Storage and Retrieval
All data is written to the 5TB CESR_ONLINE GFS2 file system which is served from the 9-member CESR Cluster. One cluster member runs NFS and CIFS service to provide non-cluster members access to GFS2 file system. Many control-system processes and infrastructure services also managed as high-availibility services in the CESR Cluster.
Every hour, all data is rsync'd from CESR_ONLINE to the 15TB CESR_OFFLINE (an ext4 file system served from the CLASSE Cluster). In addition, all data that has not been modified for one day is made read-only every night. Finally, all data is backed-up to tape nightly.
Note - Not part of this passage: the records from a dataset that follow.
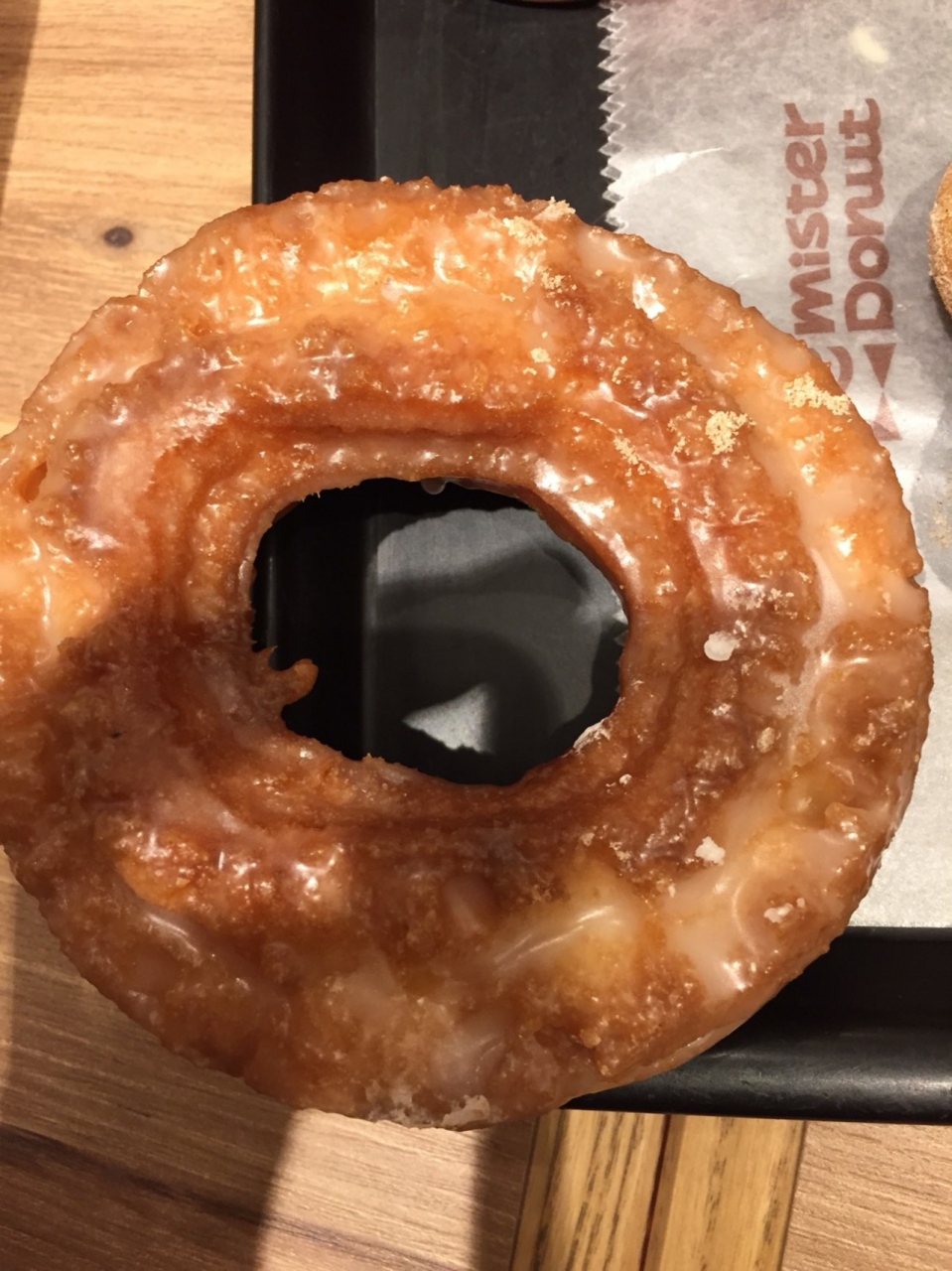 ミスタードーナツで好きな中がフワフワ外見がカリカリのドーナツいただきました。空きっ腹にとっても美味しかったです。
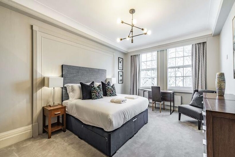 A newly refurbished six bedroom, 5 bathrooms apartment located in a prestigious mansion offering fabulous views over Regents Park. This first floor apartment is set over 2523 Sq ft and benefits from ample storage space and comprises a double volume reception room, dining room, fitted kitchen, five bedrooms, two family size bathrooms and a guest cloakroom.The apartment offers easy access to the famous Lords Cricket Ground, the open spaces of Regent’s Park, along with all the local shops, bars, restaurants located on St John’s Wood High Street.
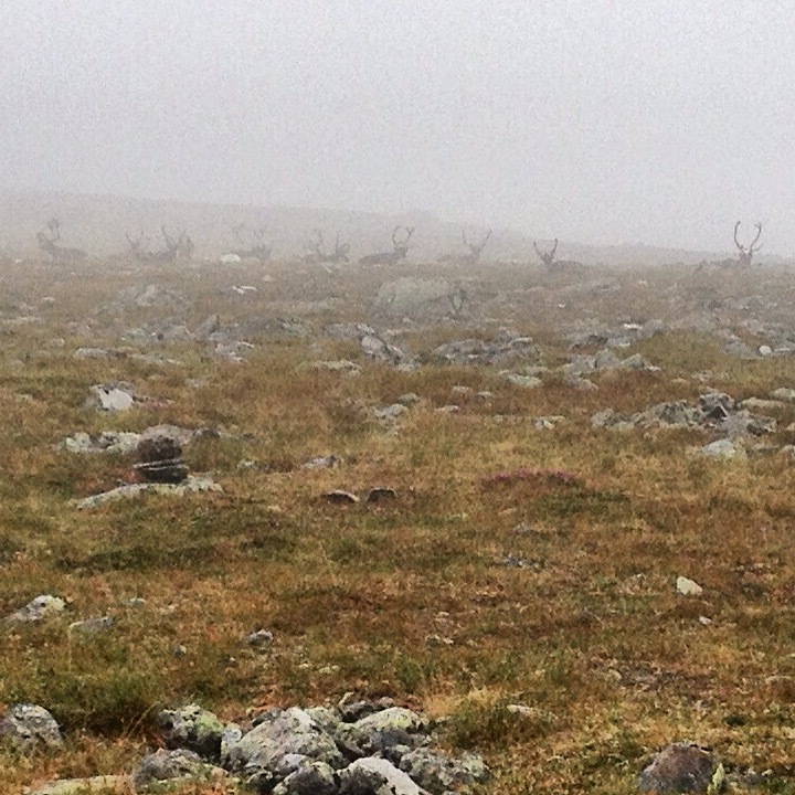 IMG_9093The vast landscapes conjure up folklore and fables. I imagine Viking gods, trolls or other magic creatures roaming this Earth. The absolute beauty and harsh realities of this place invoke a sense of mystery and mysticism. God or the gods’ presence can be felt – that is if you are looking. I take a backpack-free wander over sponge-like earth to seek them out, playfully climbing on steep loose stones in my search. I’m nearly certain I see the Norse god Odin on the face of a giant rock. Humbly, I decide to turn back as the winds pick up and the skies become black from an approaching storm. Wise choice he seems to murmur… Back on solid ground, a herd of reindeer suddenly appears – the first of many. Perhaps a sign of Odin’s approval?

Metadata for data sets (run conditions, etc.) stored in MySQL database accessed and maintained through in-house developed frontends written in perl, phython, and Java and running in clustered GlassFish application servers.
Analysis, simulations, etc. are done from Linux, Windows, and Mac OS X using the CESR_OFFLINE file system. Linux analysis and simulation jobs are submitted to the CLASSE GridEngine
batch queuing system.
Our "Central Infrastructure" cluster is used to serve high-availability file systems and infrastructure services (DNS, DHCP, Apache, MySQL, PostgreSQL, GlassFish, NIS, NTP, etc.)
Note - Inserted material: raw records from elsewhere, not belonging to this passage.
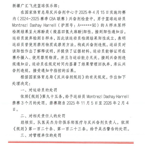 篮协:哈雷尔激动剂违规禁赛3个月,新疆承担3.6万检测费
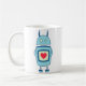 Tasse bleue de robot avec une illustration de bande dessinée d'un robot maladroit bleu de bande dessinée tenant un plat avec un coeur. Cette tasse mignonne convient aux enfants et au geeks qui aiment des robots et des illustrations mignonnes.
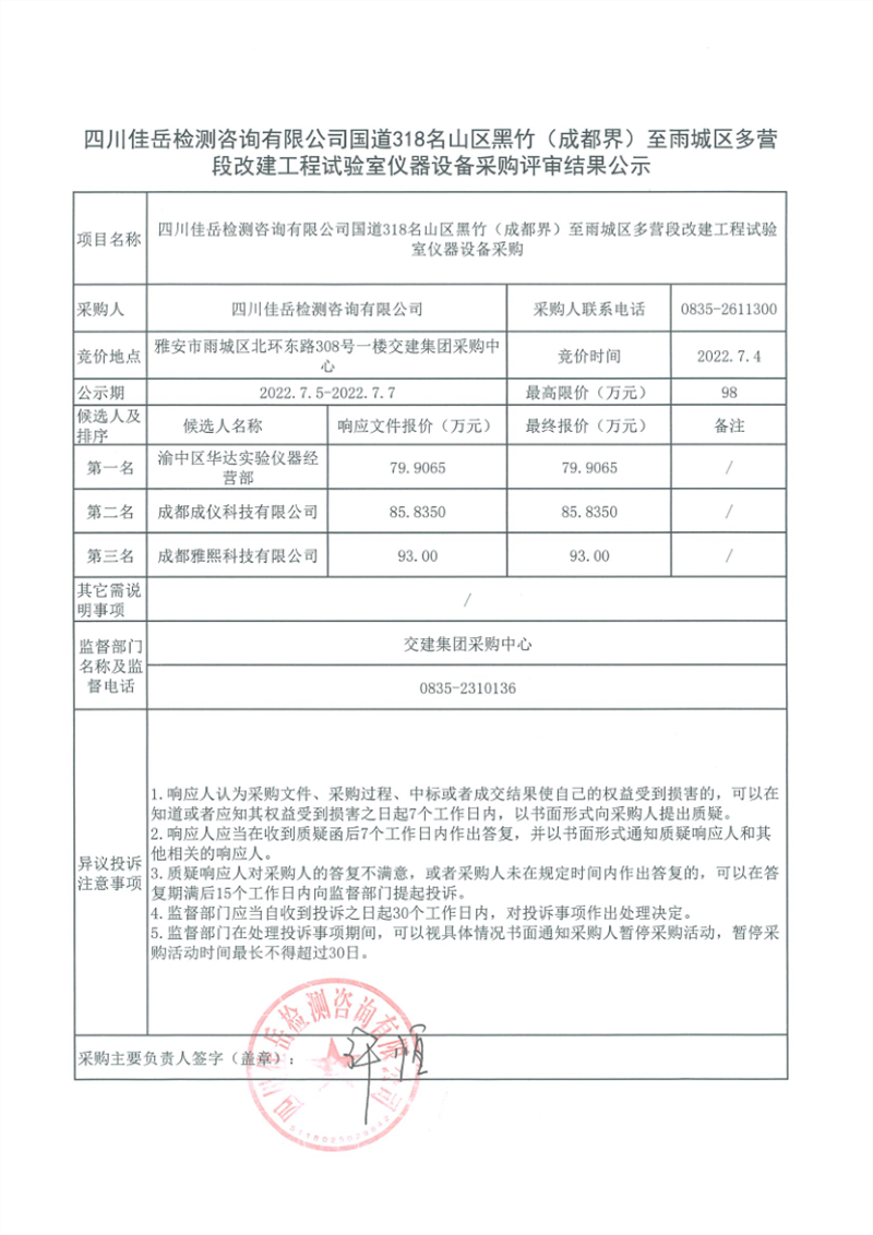 四川佳岳檢測(cè)咨詢(xún)有限公司國(guó)道318名山區(qū)黑竹(成都界)至雨城區(qū)多營(yíng)段改建工程試驗(yàn)室儀器設(shè)備采購(gòu)評(píng)審結(jié)果公示

EXT4 file systems served from iSCSI devices to clients using high-availbility NFS and CIFS services.
Our "Test Cluster" is basically identical to the CESR and CLASSE Clusters. It is used for testing new services, debugging problems seen on the CLASSE and CESR clusters, and providing additional disaster recovery disk-based backups by periodic rsync's of file systems from CLASSE and CESR clusters.
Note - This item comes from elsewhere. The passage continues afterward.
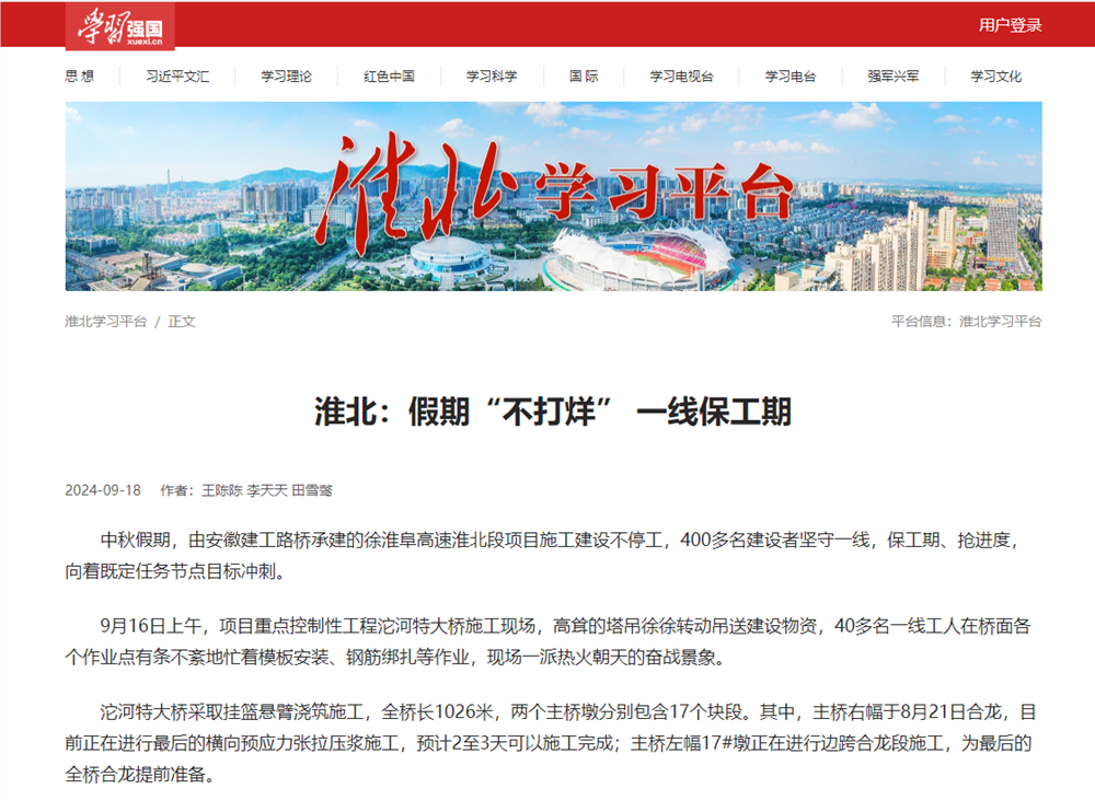 中秋假期,安徽建工路橋建設者堅守崗位一線,搶抓施工“黃金期”,沖刺節(jié)點目標,跑出實干“加速度”,受到多家主流媒體聚焦報道。

Symantec Netbackup 7.5 running on two Scientific Linux 6 servers.
- two Infortrend iSCSI devices
- two direct-attached LTO5 tapes
- one IBM tape library
Backups done to ext4 file systems on iSCSI devices. Periodically flushed to tape and removed from disk.
New Projects and Requirements
Two types of data:
- (external) user data
- data from staff scientists' own experiments
Policies for data security and preservation are vague, but NSF requires at least the raw data to be kept (for how long?). Cornell supposedly has its own requirements for grad students.
See also https://confluence.cornell.edu/display/rdmsgweb/Home
Currently up to 360MB/s from time-resolved area detectors:
- 2 - 12MB per image (TIFF)
- collecting at 30 frames / second
In the future, with new undulators, x-ray flux (and, hence, data rates) could go up by factor of 10.
Storage and Retrieval
Currently, at least 1TB of local storage at each station for data generated by the time-resolved area detectors as described above (360MB/s).
- Data would be collected in burst mode, cached locally, and then pushed to intermediate hot storage ~daily.
Need intermediate hot storage to preserve a year's worth of data from all area detectors. At least 10TB for up to 1 year at current conditions. Potentially 5-10x that amount in the future.
- 1TB / week average.
- 10-15TB for up to a year. (100 TB to be safe?)
All data more than a year old can be pushed off to long-term storage (tape in robot or on a shelf, off-site bulk storage, etc.). Compress (in a cross-platform way) before archiving?
Need to record metadata for effective data retrieval, as well as cross-correlation with other datasets.
- Currently, metadata is only recorded as part of file name.
- Consider using something like FITS? (http://en.wikipedia.org/wiki/FITS) it's been used in the Astronomical community for decades.
Data analysis done on Windows and Linux. Within 5 years, may be running in-house data reduction on the fly (for example, possibly w/ Hadoop cluster).